The Center promotes a comprehensive approach to state policy on trafficking. The Report Card assesses each state’s law and policy in five areas: criminalization of trafficking; protection and assistance to victims of trafficking; creation of statewide interagency task forces to study the nature and extent of trafficking of people into the state; regulation of international marriage brokers who operate in the state, and regulation of travel service providers that facilitate sex tourism.
The Center’s survey found that 25 states had criminalized trafficking; 10 states created statewide interagency task forces, commissions or special studies on the issue; four states passed laws to regulate international marriage brokers that operate in the state, and four states enacted laws to regulate travel service providers that facilitate sex tourism.
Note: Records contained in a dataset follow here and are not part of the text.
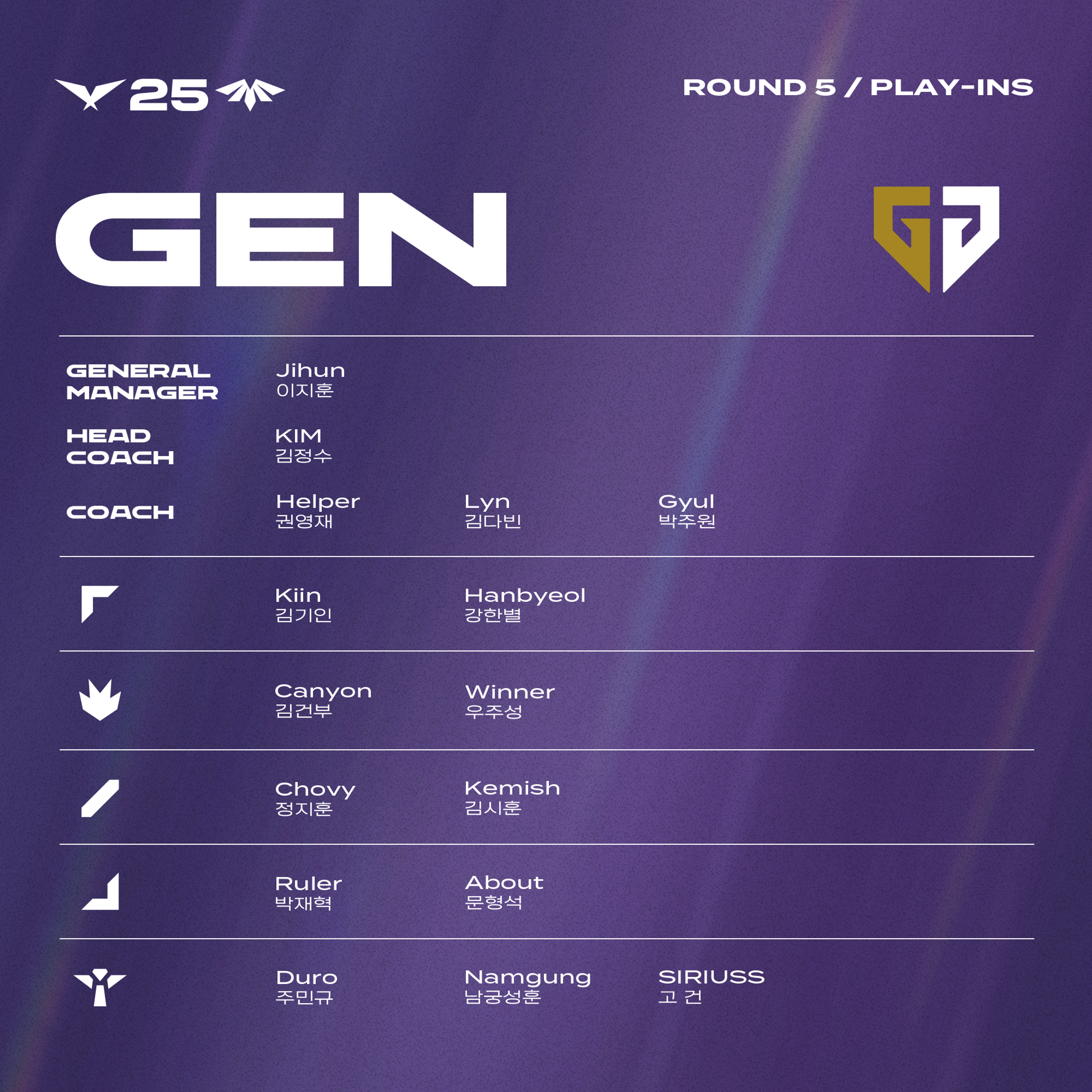 2025 LCK 정규시즌 R5~플레이인 통합 로스터를 공개합니다!
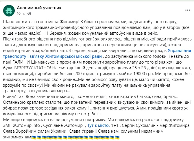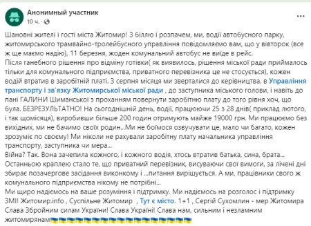"З серпня місяця ми зверталися до керівництва, в Управління транспорту і зв'язку Житомирської міської ради, до заступника міського голови, і навіть до пані ГАЛИНИ Шиманської з проханням повернути заробітню плату до того рівня хоч, що була. БЕЗРЕЗУЛЬТАТНО!" - йдеться в дописі.
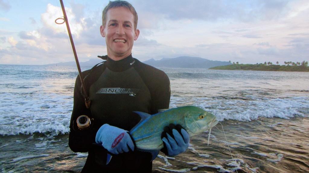On our last evening, Duncan and I fished the edge of a large pass, or channel, in the reef. Since we had only caught small fish from the reef so far, I rigged up the light tackle rods. The surf was up a little bit so were forced to stand pretty far inside the drop off. After getting into the rhythm of the waves and the current, I caught a large trumpet fish. After about 45 minutes the light started to fade and I figured we better pack it in. It seemed good timing because Duncan looked to have gotten snagged on the reef. As I took a second look though, I realized he had hooked into a decent fish. I splashed towards him, trying to yell instructions. The backwash of the surf over the shallow reef edge was strong and I tried to tell him to wait for the next incoming wave to pull the fish in. I also cursed myself briefly for not bringing the bigger rods. Although he doesn’t fish much, Duncan has more ocean-sense in his left foot than most of us will accumulate in a lifetime so, with excellent timing, he deftly reeled the fish in with the next wave. It wasn’t huge, but it was the best trevally of the trip!
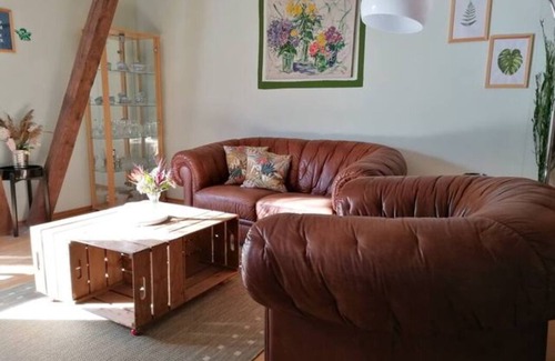 Our guest apartment is located on the upper floor of the former farm building. Lovingly furnished, it offers a spacious living room with comfortable seating area, satellite TV, kitchenette and separate dining area. In the large bedroom, a comfortable box spring bed (1.80 x 2 m) guarantees a good night's sleep, there is also a sofa bed that extends out to a lying area of 140 x 180 cm. Another sleeping option is in the form of a sofa bed (1.40 x 2m) in the living room. A nice daylight bath with a large shower completes the whole thing. We offer the apartment for up to 4 people.
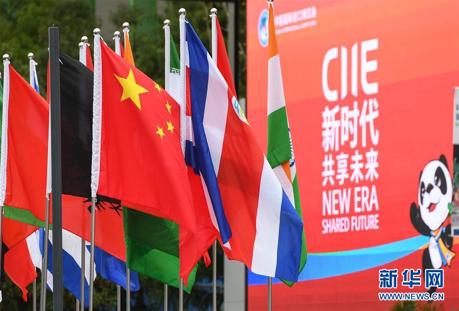 11月5日,在上海国家会展中心入口处,旗帜迎风飘扬。新华社记者 李贺 摄
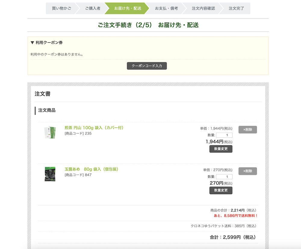 送料の欄がクロネコゆうパケットになっていることを確認し、ご注文手続きを進めてください。 ※同梱可能数を超えている場合や他の商品も一緒にご注文されている場合などはクロネコゆうパケットでの対応ができかねますので予めご了承くださいませ。
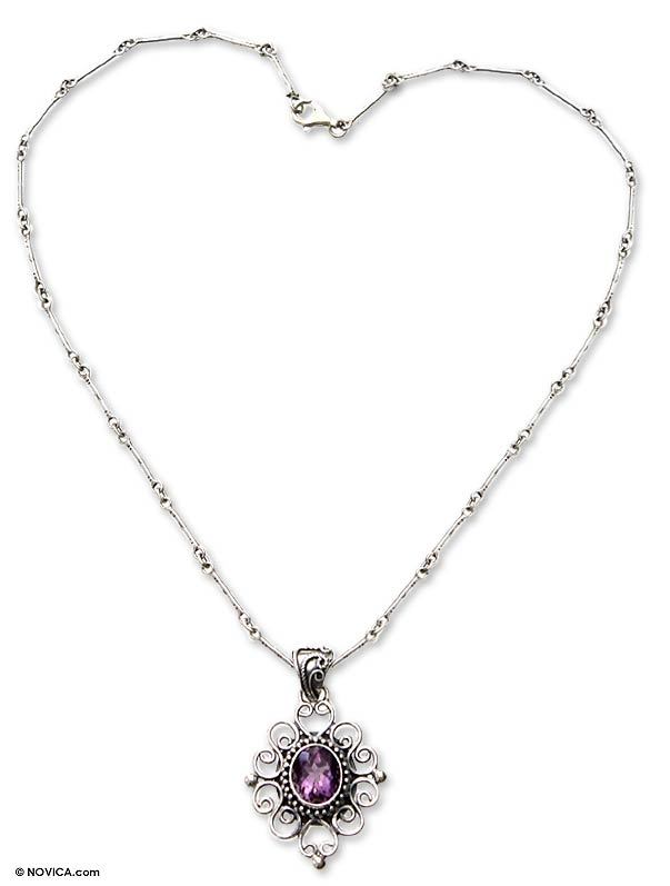 You can find our amethyst pendant necklace 'Lilac Scroll' by Wayan Sarjana in jewelry categories such as Birthstone Necklaces, Amethyst Necklaces, Sterling Silver Necklaces and Pendant Necklaces. Enjoy exploring these sections for other Novica treasures.
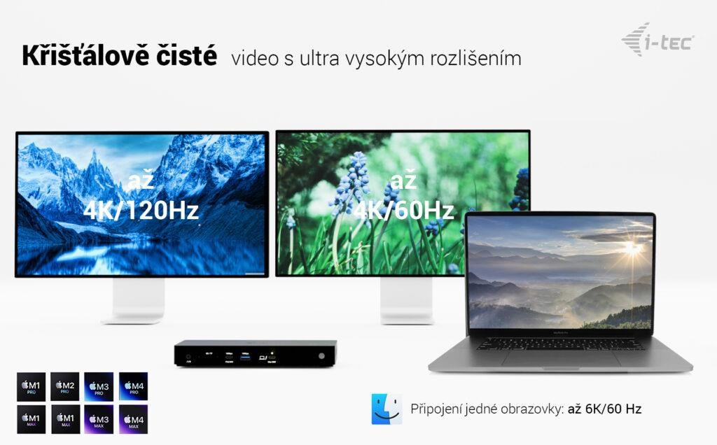 • 1 monitor – 1x TB4 nebo HDMI › až 8K/60Hznebo 4K/120Hz nebo 1440p/240Hz

Since 1999, the Center for Women Policy Studies has been fighting the war on trafficking of women and girls into the United States. “We have traveled the country to work with advocates, service providers, communities of women religious and, especially, our stellar national network of state legislators who lead the way in policy change to support women’s human rights,” said Wolfe. “We issue this Report Card to recognize their leadership and inspire their colleagues in other states to take action.”
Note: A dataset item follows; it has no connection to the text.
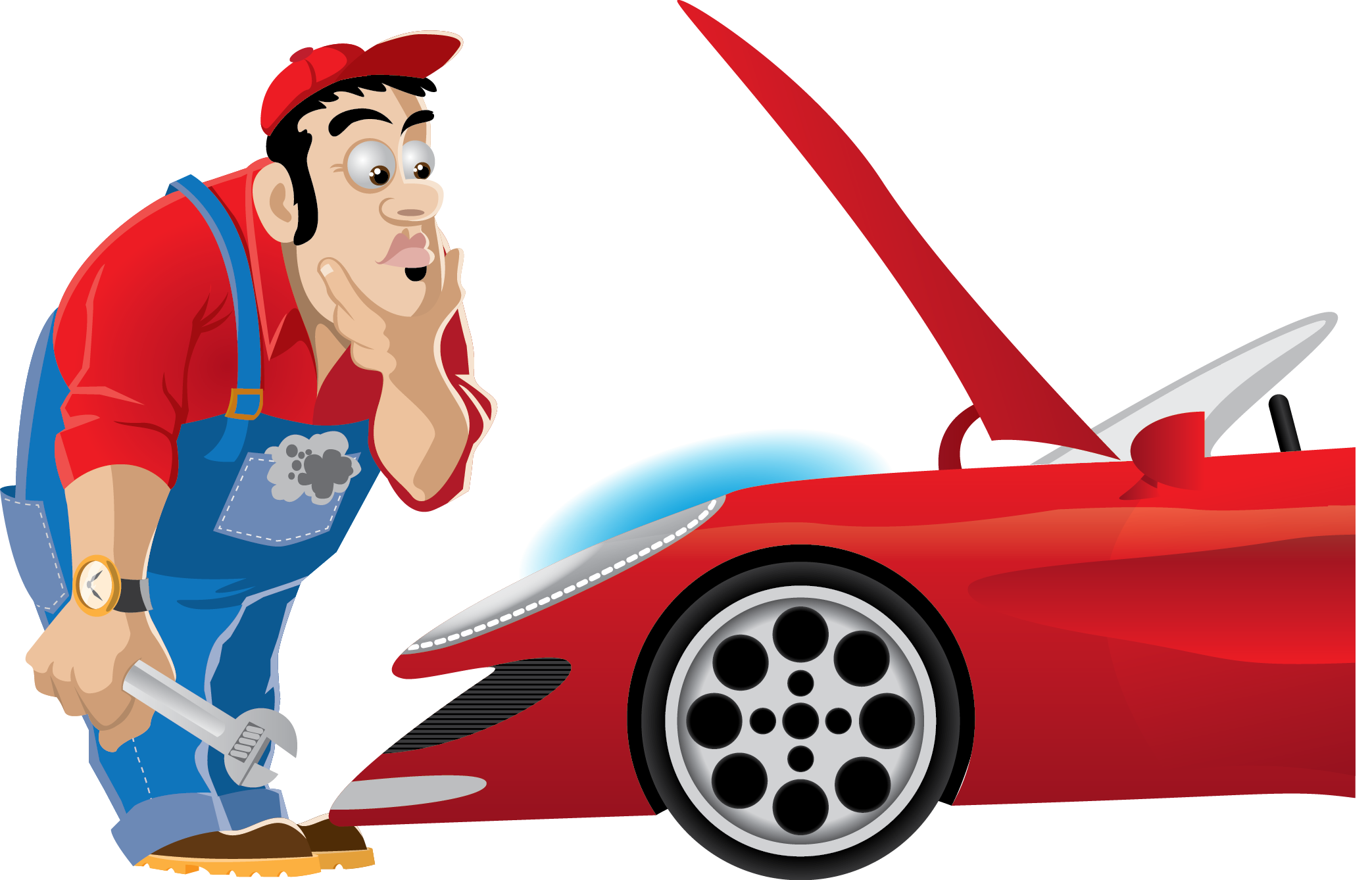 مهندس مکانیک تپل کارتونی در حال فکر کردن جلوی ماشین قرمز png

Although the United States Congress passed the landmark Trafficking Victims Protection Act of 2000 and President Clinton signed it into law, each state should enact its own comprehensive anti-trafficking laws to enable state and local governments and service providers to respond to this crisis and to create powerful partnerships with federal agencies. According to a 2005 poll by Lake Research Partners, commissioned by the Center, most Americans did not know about international trafficking of women and girls into the USA. But once they heard the facts, 65 percent of likely voters agreed that state governments should take action.
The Report Card on State Action to Combat International Trafficking includes analysis and recommendations from the Center. The report cards for all 50 states can be accessed by logging onto www.centerwomenpolicy.org.
About the Center for Women Policy Studies (www.centerwomenpolicy.org)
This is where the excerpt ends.